If we seek to apply the biblical axiom ’love your neighbor as yourself’ to ethnic communities, then we can phrase it ’love your ethnic neighbor as yourself’. This fundamental idea of scripture, indeed the second command next only to loving God’, assumes that we do in fact love ourselves. Loving oneself is not wrong, it is fundamental to our nature and being as humans, as God created us and intends for us. Loving oneself *too* much, of course, is when a good thing goes wrong. But loving oneself too little can also be unhealthy. We seek balance, self-awareneness and self-control in all things.

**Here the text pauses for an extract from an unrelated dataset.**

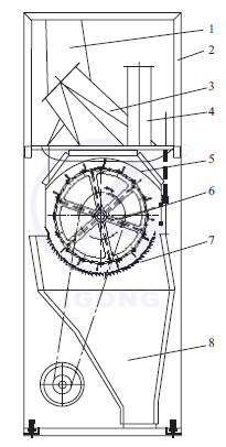 1—進(jìn)棉口 2—凝棉器機(jī)架 3—出棉口 4—排雜管 5—導(dǎo)流板 6—開(kāi)棉機(jī)打手 7—塵格 8—落雜箱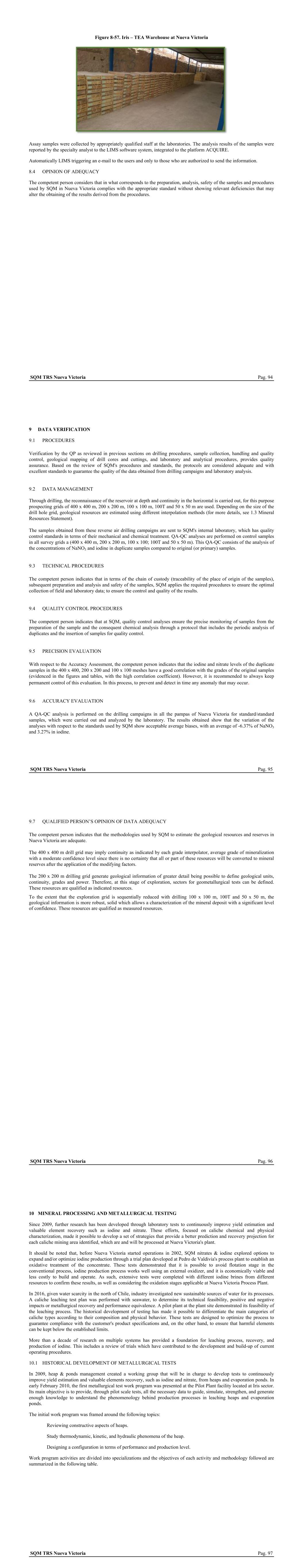 Figure 8-57. Iris – TEA Warehouse at Nueva Victoria Assay samples were collected by appropriately qualified staff at the laboratories. The analysis results of the samples were reported by the specialty analyst to the LIMS software system, integrated to the platform ACQUIRE. Automatically LIMS triggering an e-mail to the users and only to those who are authorized to send the information. 8.4 OPINION OF ADEQUACY The competent person considers that in what corresponds to the preparation, analysis, safety of the samples and procedures used by SQM in Nueva Victoria complies with the appropriate standard without showing relevant deficiencies that may alter the obtaining of the results derived from the procedures. SQM TRS Nueva Victoria Pag. 94 9 DATA VERIFICATION 9.1 PROCEDURES Verification by the QP as reviewed in previous sections on drilling procedures, sample collection, handling and quality control, geological mapping of drill cores and cuttings, and laboratory and analytical procedures, provides quality assurance. Based on the review of SQM's procedures and standards, the protocols are considered adequate and with excellent standards to guarantee the quality of the data obtained from drilling campaigns and laboratory analysis. 9.2 DATA MANAGEMENT Through drilling, the reconnaissance of the reservoir at depth and continuity in the horizontal is carried out, for this purpose prospecting grids of 400 x 400 m, 200 x 200 m, 100 x 100 m, 100T and 50 x 50 m are used. Depending on the size of the drill hole grid, geological resources are estimated using different interpolation methods (for more details, see 1.3 Mineral Resources Statement). The samples obtained from these reverse air drilling campaigns are sent to SQM's internal laboratory, which has quality control standards in terms of their mechanical and chemical treatment. QA-QC analyses are performed on control samples in all survey grids a (400 x 400 m, 200 x 200 m, 100 x 100; 100T and 50 x 50 m). This QA-QC consists of the analysis of the concentrations of NaNO3 and iodine in duplicate samples compared to original (or primary) samples. 9.3 TECHNICAL PROCEDURES The competent person indicates that in terms of the chain of custody (traceability of the place of origin of the samples), subsequent preparation and analysis and safety of the samples, SQM applies the required procedures to ensure the optimal collection of field and laboratory data; to ensure the control and quality of the results. 9.4 QUALITY CONTROL PROCEDURES The competent person indicates that at SQM, quality control analyses ensure the precise monitoring of samples from the preparation of the sample and the consequent chemical analysis through a protocol that includes the periodic analysis of duplicates and the insertion of samples for quality control. 9.5 PRECISION EVALUATION With respect to the Accuracy Assessment, the competent person indicates that the iodine and nitrate levels of the duplicate samples in the 400 x 400, 200 x 200 and 100 x 100 meshes have a good correlation with the grades of the original samples (evidenced in the figures and tables, with the high correlation coefficient). However, it is recommended to always keep permanent control of this evaluation. In this process, to prevent and detect in time any anomaly that may occur. 9.6 ACCURACY EVALUATION A QA-QC analysis is performed on the drilling campaigns in all the pampas of Nueva Victoria for standard/standard samples, which were carried out and analyzed by the laboratory. The results obtained show that the variation of the analyses with respect to the standards used by SQM show acceptable average biases, with an average of -6.37% of NaNO3 and 3.27% in iodine. SQM TRS Nueva Victoria Pag. 95 9.7 QUALIFIED PERSON’S OPINION OF DATA ADEQUACY The competent person indicates that the methodologies used by SQM to estimate the geological resources and reserves in Nueva Victoria are adequate. The 400 x 400 m drill grid may imply continuity as indicated by each grade interpolator, average grade of mineralization with a moderate confidence level since there is no certainty that all or part of these resources will be converted to mineral reserves after the application of the modifying factors. The 200 x 200 m drilling grid generate geological information of greater detail being possible to define geological units, continuity, grades and power. Therefore, at this stage of exploration, sectors for geometallurgical tests can be defined. These resources are qualified as indicated resources. To the extent that the exploration grid is sequentially reduced with drilling 100 x 100 m, 100T and 50 x 50 m, the geological information is more robust, solid which allows a characterization of the mineral deposit with a significant level of confidence. These resources are qualified as measured resources. SQM TRS Nueva Victoria Pag. 96 10 MINERAL PROCESSING AND METALLURGICAL TESTING Since 2009, further research has been developed through laboratory tests to continuously improve yield estimation and valuable element recovery such as iodine and nitrate. These efforts, focused on caliche chemical and physical characterization, made it possible to develop a set of strategies that provide a better prediction and recovery projection for each caliche mining area identified, which are and will be processed at Nueva Victoria's plant. It should be noted that, before Nueva Victoria started operations in 2002, SQM nitrates & iodine explored options to expand and/or optimize iodine production through a trial plan developed at Pedro de Valdivia's process plant to establish an oxidative treatment of the concentrate. These tests demonstrated that it is possible to avoid flotation stage in the conventional process, iodine production process works well using an external oxidizer, and it is economically viable and less costly to build and operate. As such, extensive tests were completed with different iodine brines from different resources to confir

With love of self in balance, grounded in love for God, we are called upon to extend such love to others, in this case ethnic others. One of the most beautiful passages of scriptures capturing both of these angles, and even a third, is Lk 7:5 – “elders of the Jews” come to the Jewish Jesus not just casually asking, but “pleading with him” to heal the servant of a Roman centurion on grounds that “he loves our nation and has built us a synagogue.” With its reference to “synagogue,” this passage is rich in thought for interreligious relations both in Jesus’ day and our own global world, but to focus on the ethnic side, here we have reference to ’love of nation’, or in Greek, ’love of ethnos’, coming from three different angles: the Jews, the Roman centurion and Jesus, all together! And the center of the Jewish appeal and, thus also, Jesus willing response is precisely ’love of nation’, in this case the Jewish nation.
What thoughts does such a reflection on scripture stir in your mind and heart? What does scripture teach us, both in word and illustrative action, about ’loving our ethnic neighbor as ourselves’?